Is Silicon Valley no longer start-up central in the US? 5 southern cities drawing tech companies like Tesla and Apple away from California to Texas, Georgia, Arizona and Florida
Author: South China Morning Post
For tech giants as well as aspiring wannabes, California’s Silicon Valley has long been the promised land but that may now be changing with even Apple itself decentralising to other parts of the US, joining an exodus that ramped up last year to unprecedented levels.

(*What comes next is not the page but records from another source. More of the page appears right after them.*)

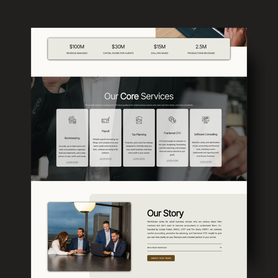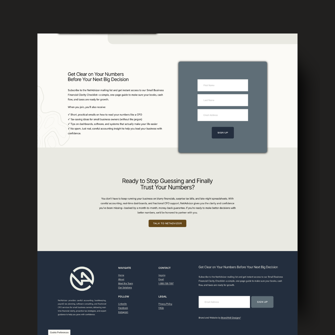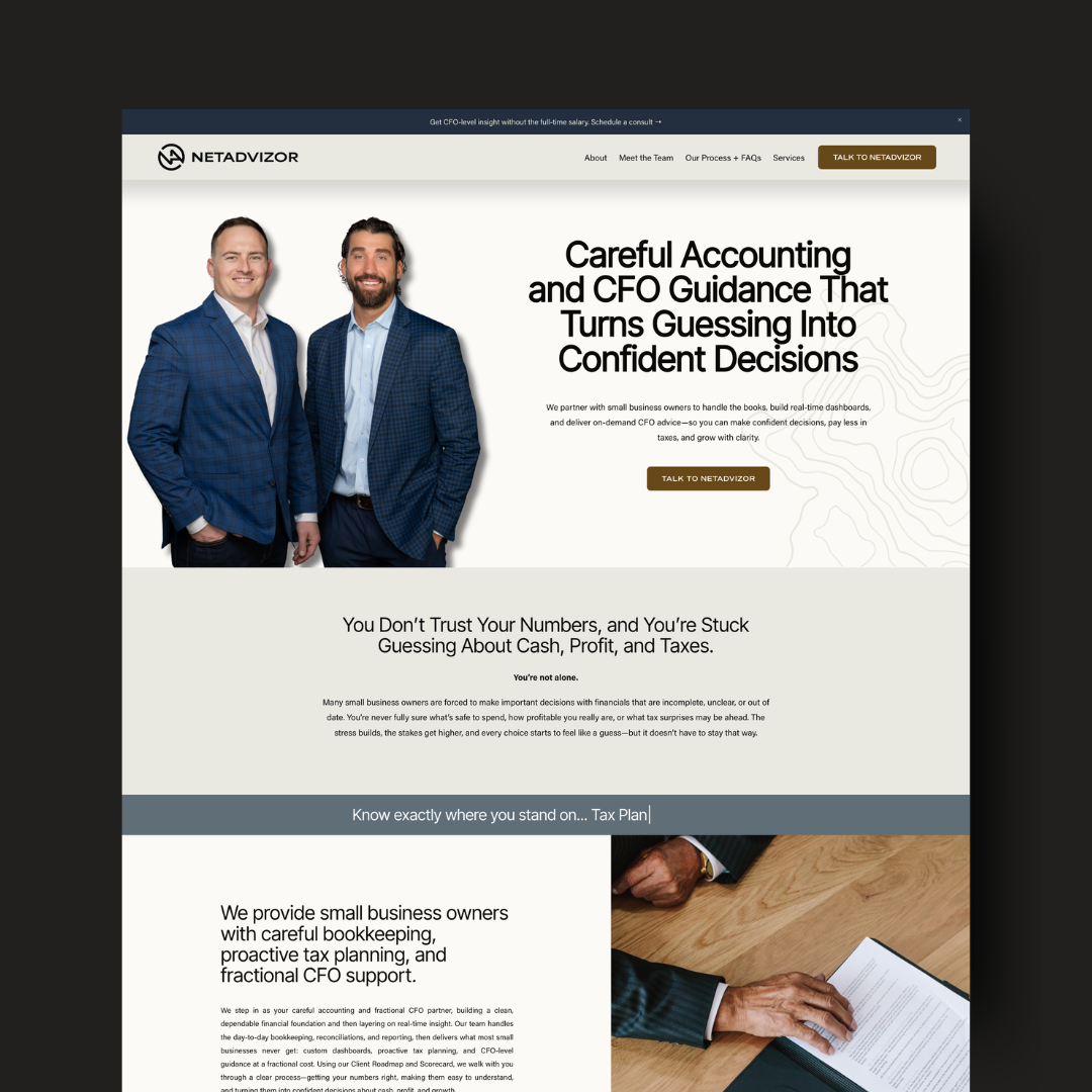 Professional and modern website design for accounting firm, NetAdvizor. View their brand here.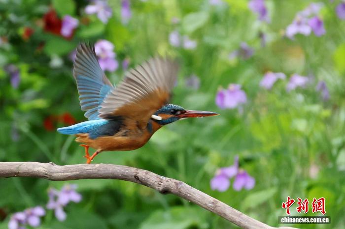 4月7日,南京古林公园内,翠鸟从水边的树枝上展开翅膀飞翔。中新社记者 泱波 摄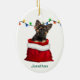 Na frente deste ornamento de Férias está uma imagem de um adorável filhote de German shepherd em uma bolsa de presente de Natal vermelha e branca. Atrás do cachorro há uma série de luzes coloridas de Feriado. O texto no final diz "Feliz Natal". A parte traseira do ornamento tem a mesma imagem com um campo de nome personalizado. Bonita!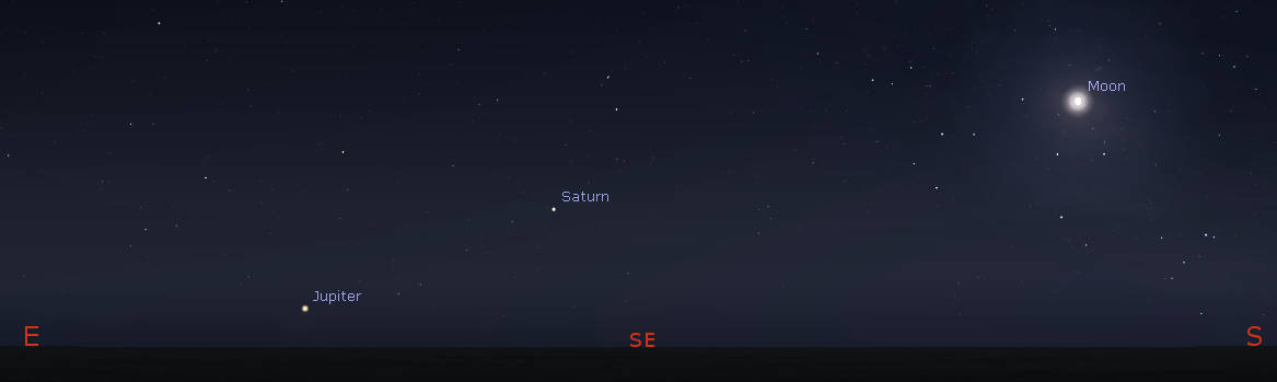 The Gibbous Moon, Saturn, and Jupiter at 11 pm, tonight, July 21, 2021. The Moon is above the spout in the asterism of the Teapot in Sagittarius. Click on the image to enlarge it. Created using Stellarium.

According to research by the Hoover Institution at Stanford University, factors such as high tax rates (specifically on real estate), punitive regulations, high labour costs and declining quality of life are all contributing factors. Texas is the most popular state for relocation, already home to Oracle Corp and Hewlett Packard (HP) offices, as well as Tesla, Elon Musk’s game-changing carmaker. Arizona, newly dubbed the “Silicon Desert”, is a start-up hotbed, attracting the likes of Uber, Yelp and Shutterfly, while Atlanta, Georgia – where giants such as Apple and Microsoft have expanded in recent years – is climbing up the tech hub rankings.
And as companies relocate, developers are meeting their workforce’s accommodation needs with new luxury residential projects that provide a Silicon Valley/New York-inspired urban live-work-play lifestyle.